• GIVEN RECORDS:
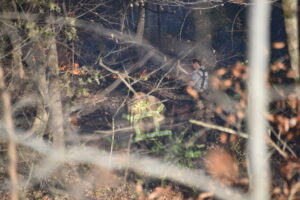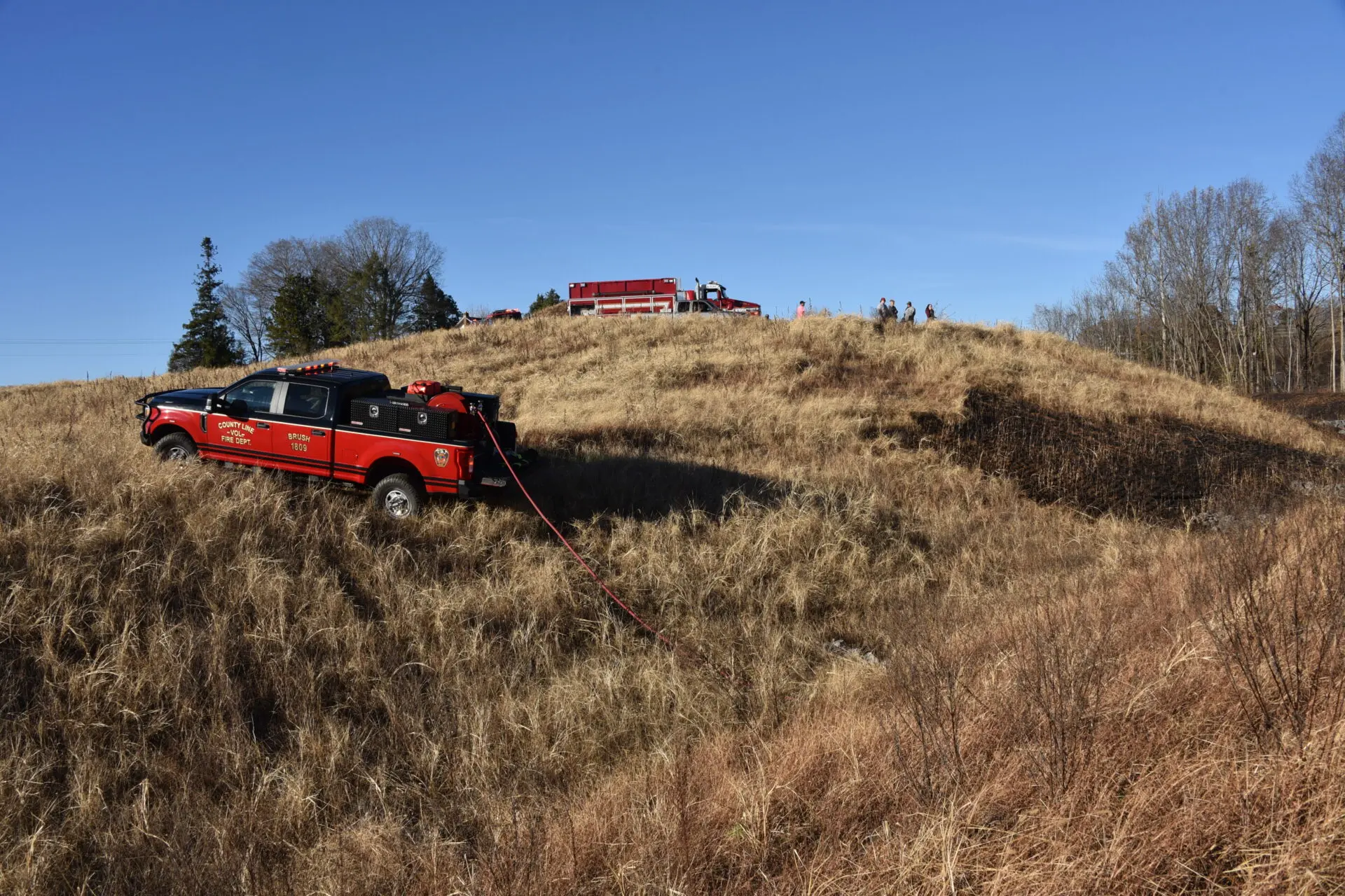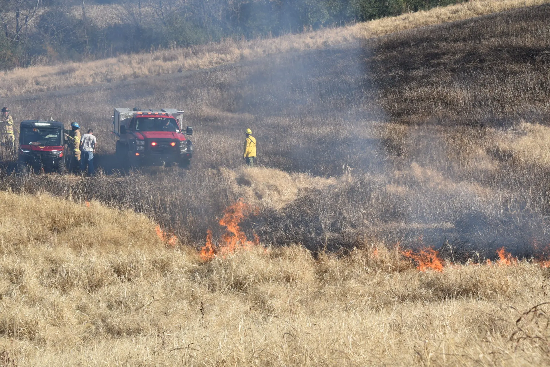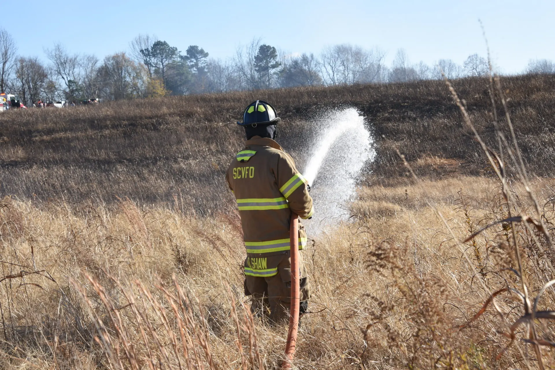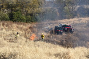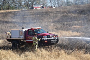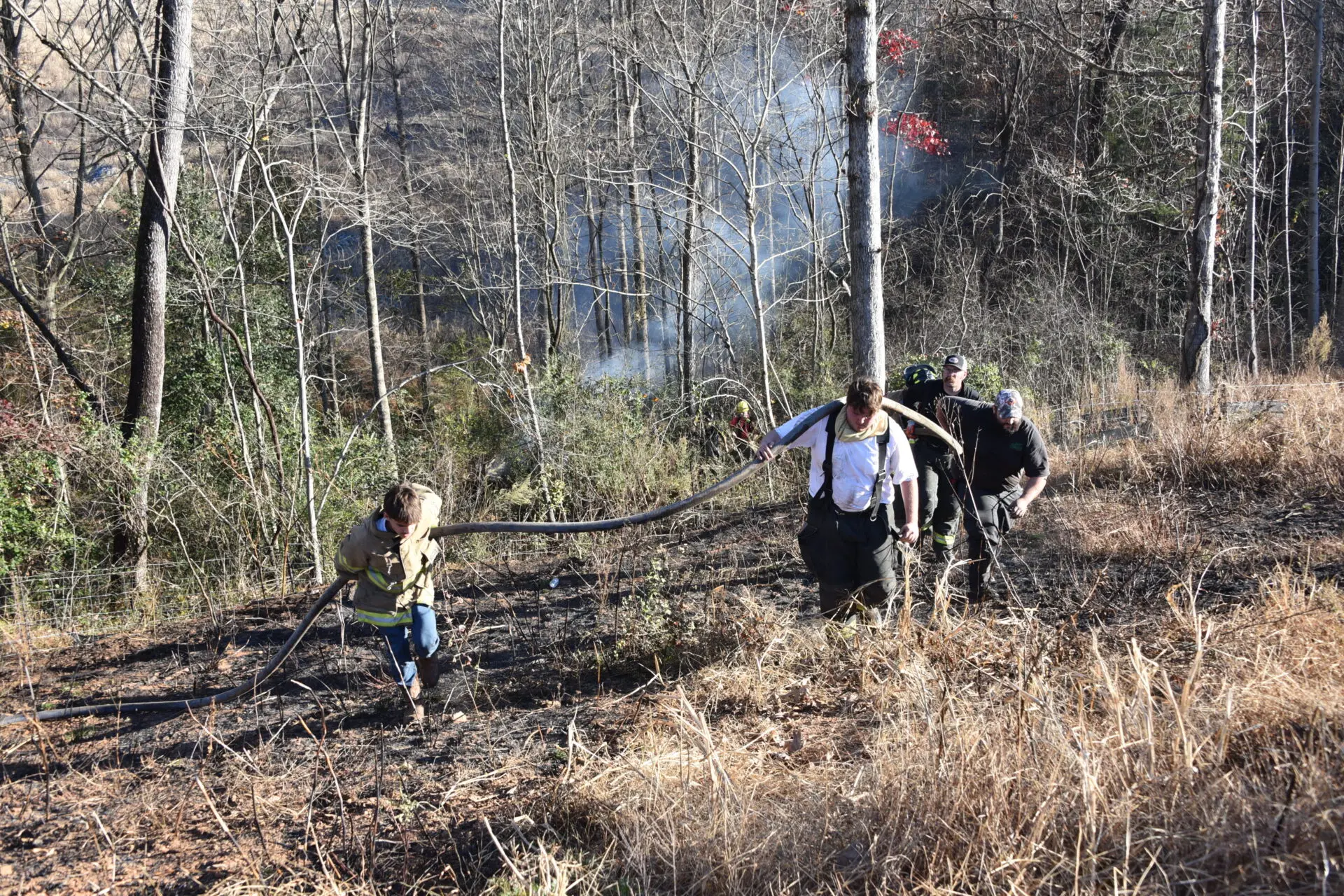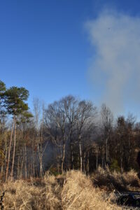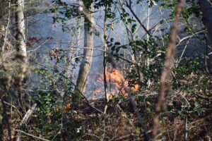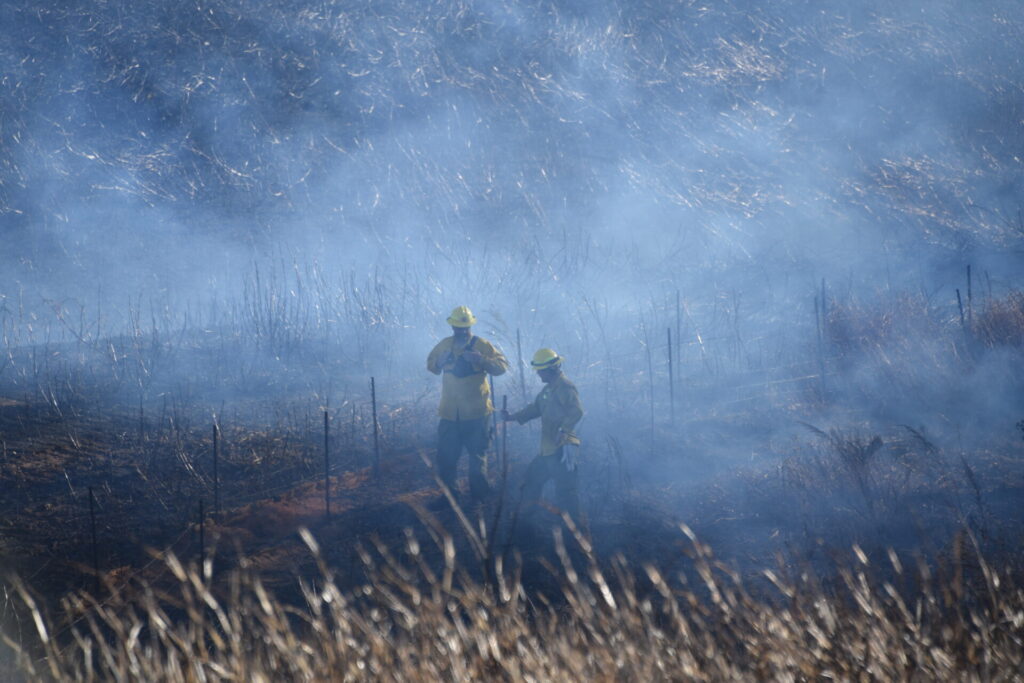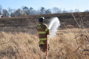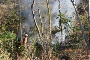 Firefighters battled the blaze, which consumed over 25 acres, and prevented it from burning a structure. The fire was placed under control at 4:31 p.m. Crews remained on the scene for hours hitting hot spots. No injuries were reported. The Forestry Service is investigating the cause.
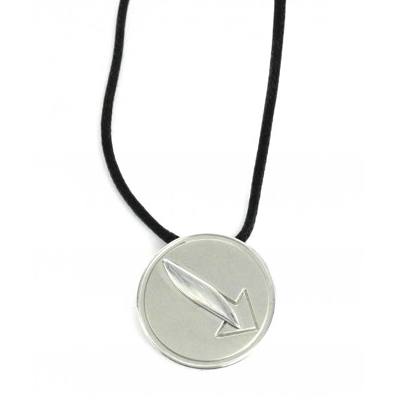 Collana in acciaio ideata e realizzata da Tribe by Breil, il pendente ha un diametro di 2 centimetri, il cordoncino è realizzato in cotone cerato nero.
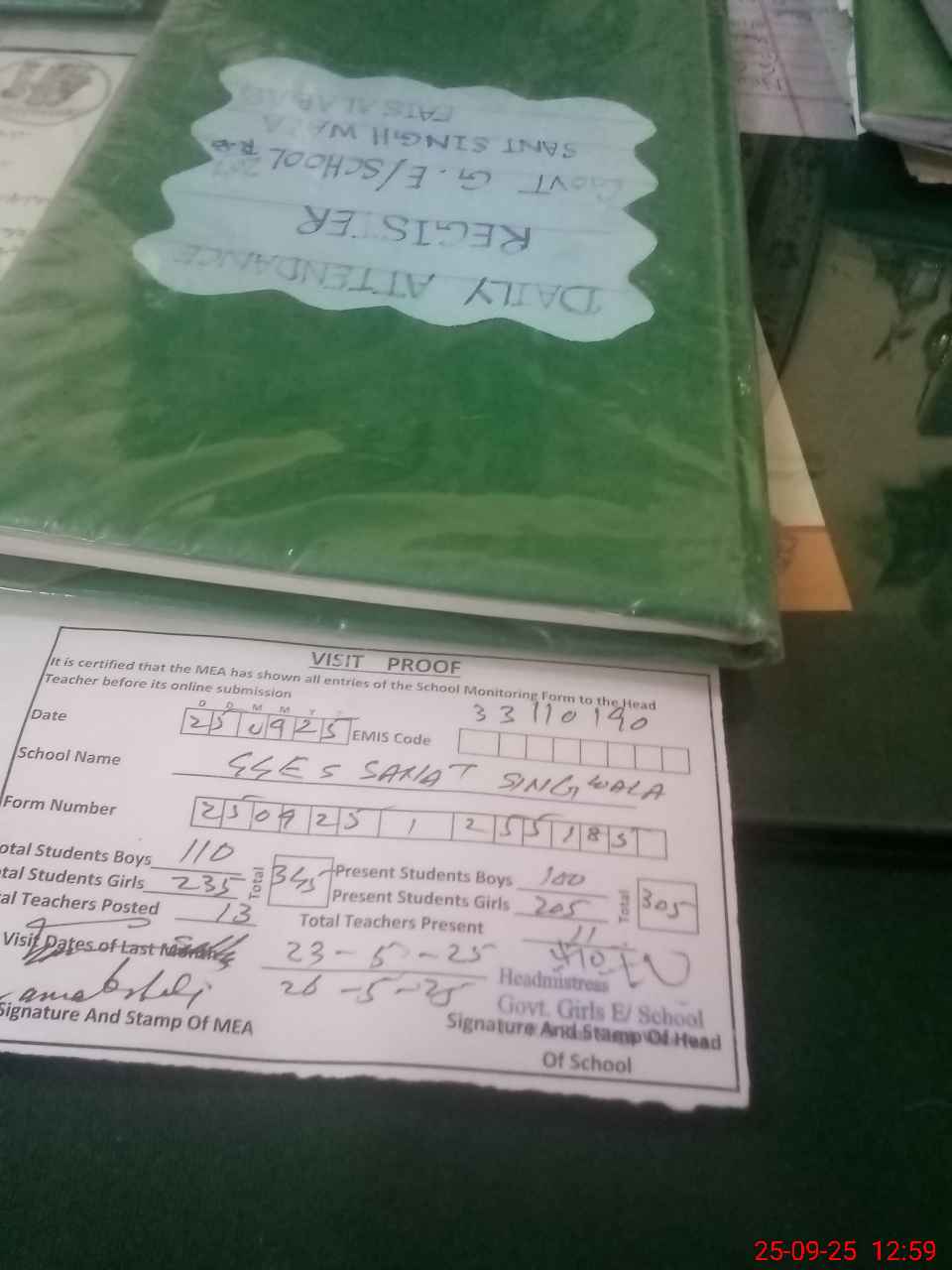 | Attendance Register | Head Teacher | MEA with School | Visit Proof |
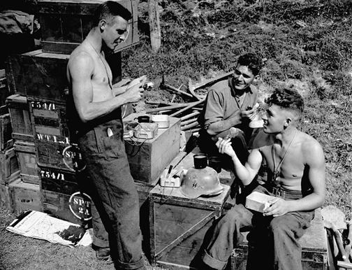 The following images are some examples of soldiers’ kit bags, and unit stores, onto which a unit mobilization serial number as been applied, as a form of unit identification. The first image is of a kit bag belonging to a Trooper L.A. Watts, which is marked with the unit mobilization serial number ‘570/1,’ which although rather faded, appears near the top opening of the bag, and identifies the kit bag owner as a member of the 1st Canadian Armoured Car Regiment (Royal Canadian Dragoons), Canadian Armoured Corps, whose unit mobilization serial number was ‘570/1.’ Note the application of the three horizontal bars of the coloured bar code system near the bottom of the bag. The second image is of a kit bag marked with the unit mobilization serial number ‘743/1,’ thus identifying the kit bag owner as a member of Le Regiment de la Chaudiere, whose unit mobilization serial number was ‘743/1.’ Again, the three horizontal bars of the coloured bar code system appear applied directly below the unit mobilization serial number, along with one vertical coloured bar, which was added by the regiment, too perhaps, identify the sub unit of the battalion to which the kit bag owner belonged (for the organization of an infantry battalion, please see the MilArt article “Basic Organization of the Canadian ‘Infantry (Rifle) Battalion’ on Overseas Service during the Second World War,” of 7 March 2014). In the last image, three soldiers of the Highland Light Infantry of Canada are having a meal in the area of Thaon, France, on 6 August 1944. Note the two stacked, dark coloured stowage boxes, to the left-rear of the standing soldier, both of which are marked with the Highland Light Infantry of Canada’s unit mobilization serial number of ‘754/1.’ Also note the application of the three horizontal bars of the coloured bar code system, which are applied directly below the unit mobilization serial number, on both stowage boxes.
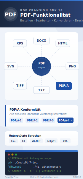 Das PDF Entwickler-Tool stellt mächtige APIs zur Verfügung, mit deren Hilfe Sie PDF-/XPS-fähige Anwendungen und/oder Software-Lösungen entwickeln können. Es bietet Ihnen unter anderem breite Möglichkeiten zur Erstellung und Bearbeitung von PDF-, PDF/A- oder XPS-Dokumenten, für ihre Anzeige in einem multifunktionalen Viewer und den Druck auf Papier, für die Umwandlung zwischen diesen Formaten, entsprechend Export und/oder Import aus/in andere Dateiformaten. Mit dieser API können Sie problemlos PDF-Funktionen sowohl in Desktop-Anwendungen und Serverdienste für Windows als auch in Erweiterungen für MS Office integrieren. Mit der Entwicklerbibliothek können Sie in Ihre Anwendungen Funktionen zum Erstellen von PDF/A-1-, PDF/A-2-, PDF/A-3- und PDF/A-4-Dateien integrieren. Dabei werden alle aktuell existierenden Konformitätsstufen (a, b, u) des PDF/A-Formats unterstützt. PDF-Funktionalität im SDK
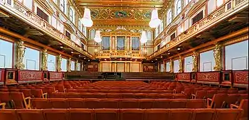 ![]() Золотой зал Общества друзей музыки в Вене, в котором базируется Венский филармонический оркестр | |
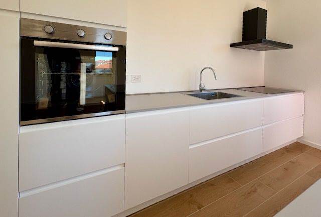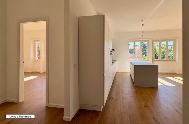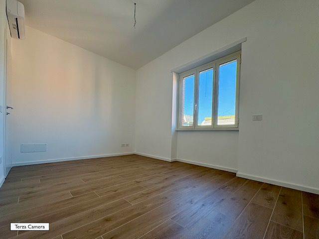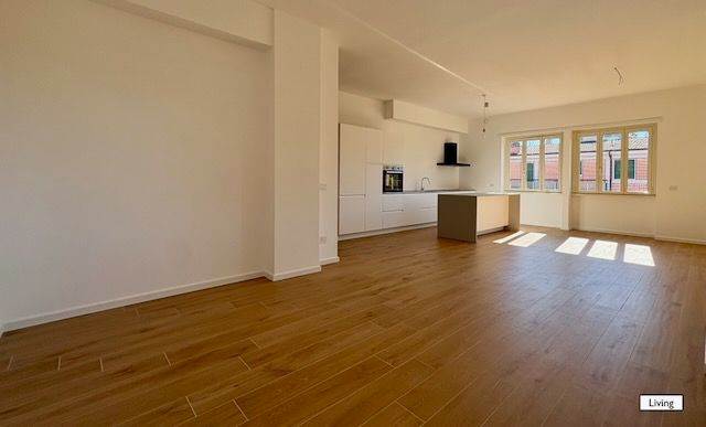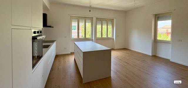 E' composto da ampio ingresso, living di 43 mq circa con doppia esposizione, arredato con cucina nuova a vista completa di isola ed elettrodomestici

• ABOUT THIS TASK: Output the records above as they stand, from the first line to the line with "Visit Proof |", inclusive, and exclude the pictures.

• EXERCISE RESPONSE:
 Firefighters battled the blaze, which consumed over 25 acres, and prevented it from burning a structure. The fire was placed under control at 4:31 p.m. Crews remained on the scene for hours hitting hot spots. No injuries were reported. The Forestry Service is investigating the cause.
 Collana in acciaio ideata e realizzata da Tribe by Breil, il pendente ha un diametro di 2 centimetri, il cordoncino è realizzato in cotone cerato nero.
 | Attendance Register | Head Teacher | MEA with School | Visit Proof |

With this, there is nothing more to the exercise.